ACTION ITEM: Pictures are to be left out, and only the lines below starting at the one with "7710 44 White finish" and ending at the one with "Meditation Group programmes" are to be reproduced, each exactly, both ends included.

Stored dataset items:
--------------------------------
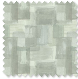
Patchwork | 3 Colours Printed Linen Cotton
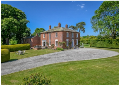
Manor House, Hughley, Shrewsbury
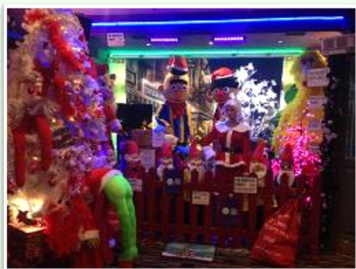
1 st prize Town Centre – The Misty Moon. A local pub with great atmosphere and good Thai Food.

Thanks to all the businesses in Northwood who helped create such a festive look to the Town Centre and High Street shopping areas. The judges had some difficult decisions to make as there were so many brilliant contenders. After much discussion, the final selection was:
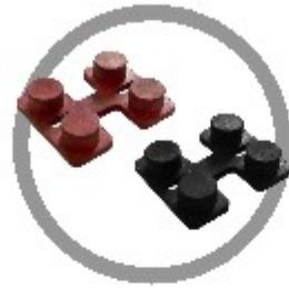
Two pieces minimum for each joint
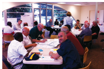
Tuggerah Lakes and Brisbane Waters Clergy Deanery Meeting at Woy Woy

The Clergy reflected on a series of questions from a parish and Diocesan perspective. The feedback from these meetings will be put forward to the First Synod Gathering in June.
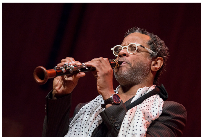
Visiting artist Don Byron.
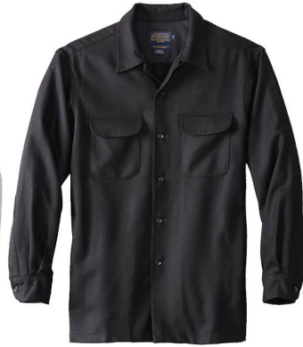
5/25 RA335-20042 AA826-20042 Tall Black
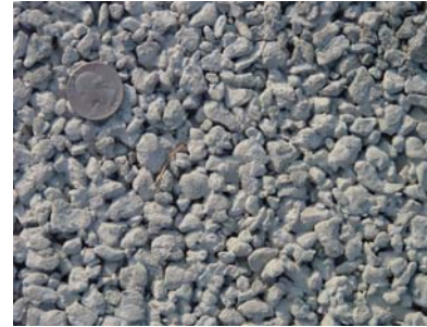
Figure 1c. PC

Recent research conducted at North Carolina State University has focused on several topics relating to permeable pavement function, including: (1) water quality impacts of permeable pavement; (2) longer term runoff reduction; and (3) preventing and mitigating clogging of permeable pavements. The first and second studies examined three permeable pavement sites in North Carolina where water samples were collected for pollutant analysis. Two of these sites in eastern North Carolina were instrumented to measure rainfall and runoff rates. The third study monitored surface infiltration rates at 40 permeable pavement sites in North Carolina, Virginia, Delaware, and Maryland. Only topics (2) and (3) are discussed herein.
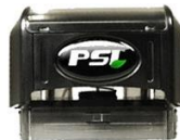
Same Day Delivery
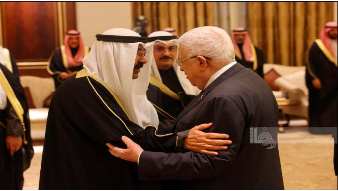
Mahmoud Abbas visiting Kuwait

▶ Catherine Colonna, French foreign minister, met in Ramallah with PA Prime Minister Muhammad Shtayyeh. During the meeting, Shtayyeh stressed the importance of the pressure France could exert to stop Israel's activity in the Gaza Strip, Judea and Samaria and the necessity of opening all crossings to the Gaza Strip for the entry of humanitarian aid and fuel. He also called on France to take action against "settlers holding French citizenship." Referring to the day after the war, Shtayyeh made it clear that the Palestinian leadership's top priority was the need to reach a ceasefire, and that talking about the day after had to include a political solution that would include all the Palestinian territories and would lead to the twostate solution.
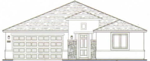
Elevation C with Stone
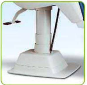
Exclusive hydraulic cylinder system.

reclining any size patient easy and instantaneous; no electronic motors to slow you down! The Marco E-Z Tilt also incorporates the only double hydraulic cylinder system in the industry, creating an extended range of elevation - from extra low to extra high, that accommodates a
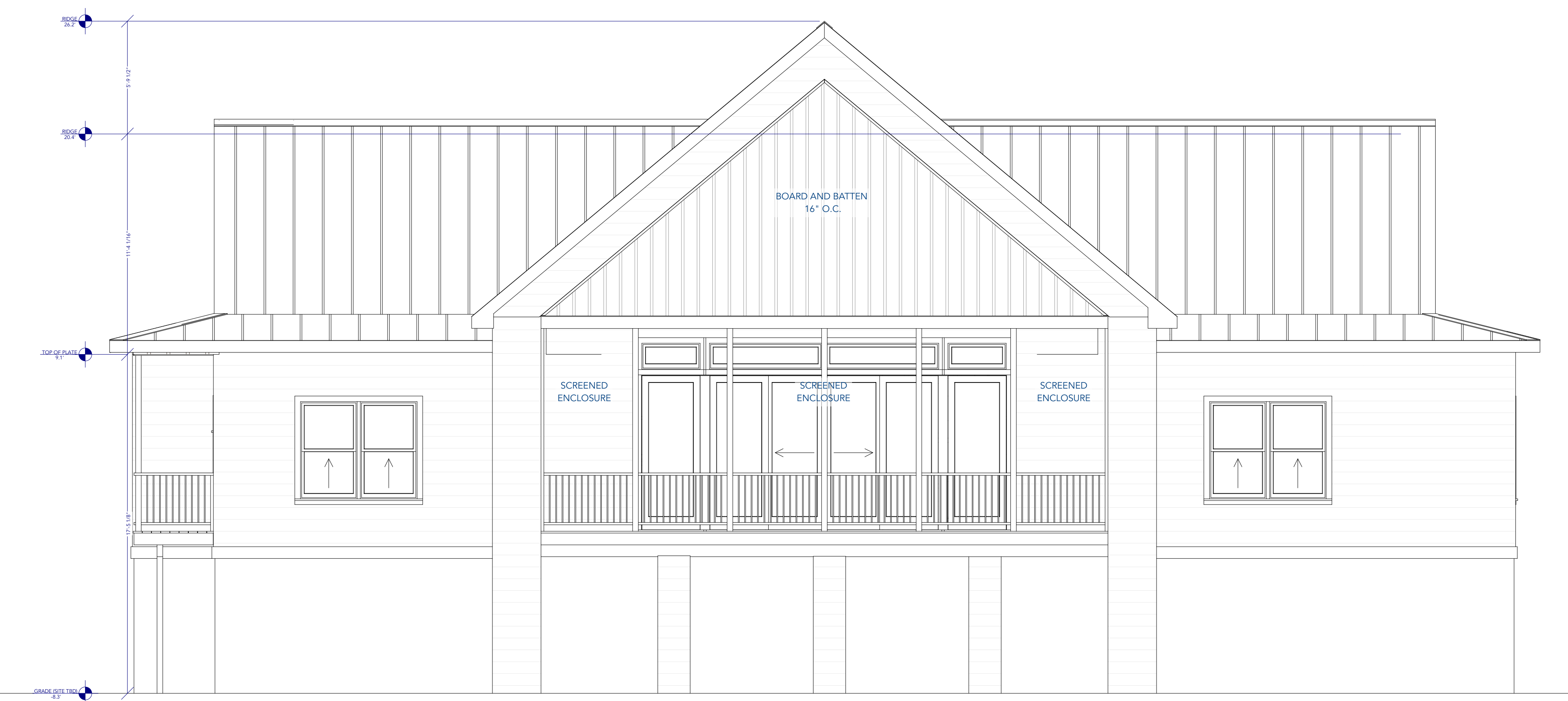
REAR ELEVATION SCALE: 1/4" = 1 FOOT
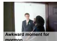
Awkward moment for mormon
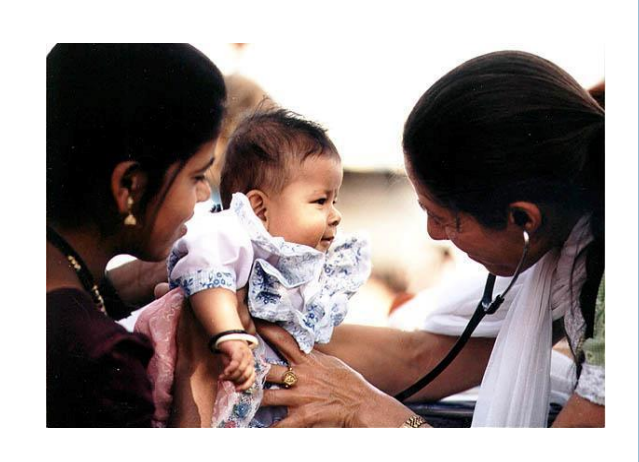
Goal 5: Improve maternal health

Complementing PRASAD's nutrition and health care programs are events like the Well-Baby Competition where doctors screen babies and toddlers for general wellbeing as well as physical, mental and social development. They also counsel parents on best practices in child-care. Babies born to mothers in our Reproductive and Child Health (RCH) Program had consistently higher birth weights than India's national average.
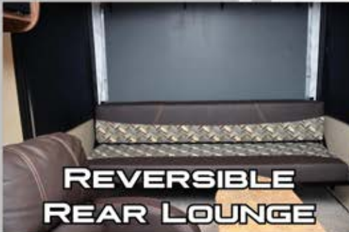
REVERSIBLE REAR LOUNGE
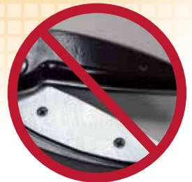
(No screws or rivets)
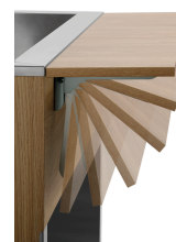
▶ With tray slide
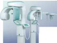
OPG CBCT 3D DENTAL SYSTEM
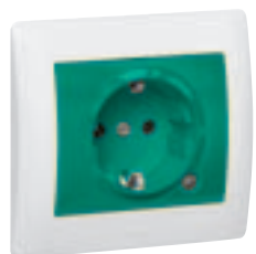
7710 44 White finish
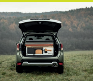
camper conversion kit

Be it furniture or railway stations, the final product must be the transformation of vision into something tangible, its materialization. The final product must not serve its own purposes but respect the context. It speaks for its creators.
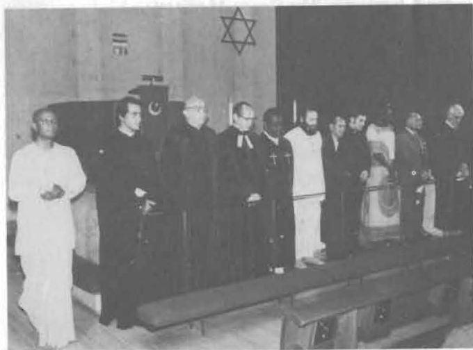
Meditation Group programmes touch on a wide variety of political, cultural and spiritual topics. Here representatives of the world's major faiths meet to commemorate World Prayer Day.

Since 1973 the Meditation Group has published a monthly bulletin, Meditation at the United Nations . It also publishes a bi-monthly newsletter, A Moment's Peace .
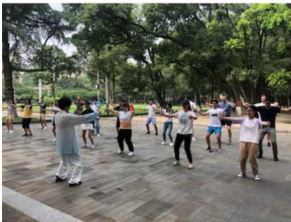
Take a look at our laiji!

We have also arranged various Chinese culture lectures, such as laiji, Paper-cutting, Chinese Painting, Calligraphy or brush Writing, Pinching Clay. All students enjoyed experiencing the profound Chinese culture.
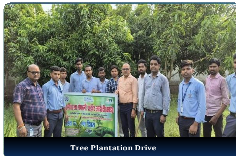
Tree Plantation Drive
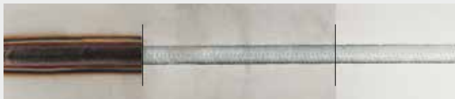
/ CrNi before cleaning
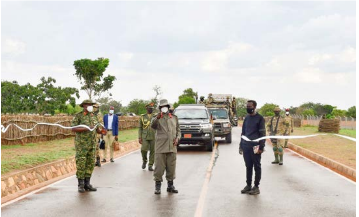
President Museveni commissions the road network connecting Kaweweta Recruits Training School, Fort Samora Machel Special Forces School and Oliver Reginald Tambo School of Leadership and Pan-African Centre of Excellence
--------------------------------
RESPONSE BOX:
7710 44 White finish
camper conversion kit

Be it furniture or railway stations, the final product must be the transformation of vision into something tangible, its materialization. The final product must not serve its own purposes but respect the context. It speaks for its creators.
Meditation Group programmes touch on a wide variety of political, cultural and spiritual topics. Here representatives of the world's major faiths meet to commemorate World Prayer Day.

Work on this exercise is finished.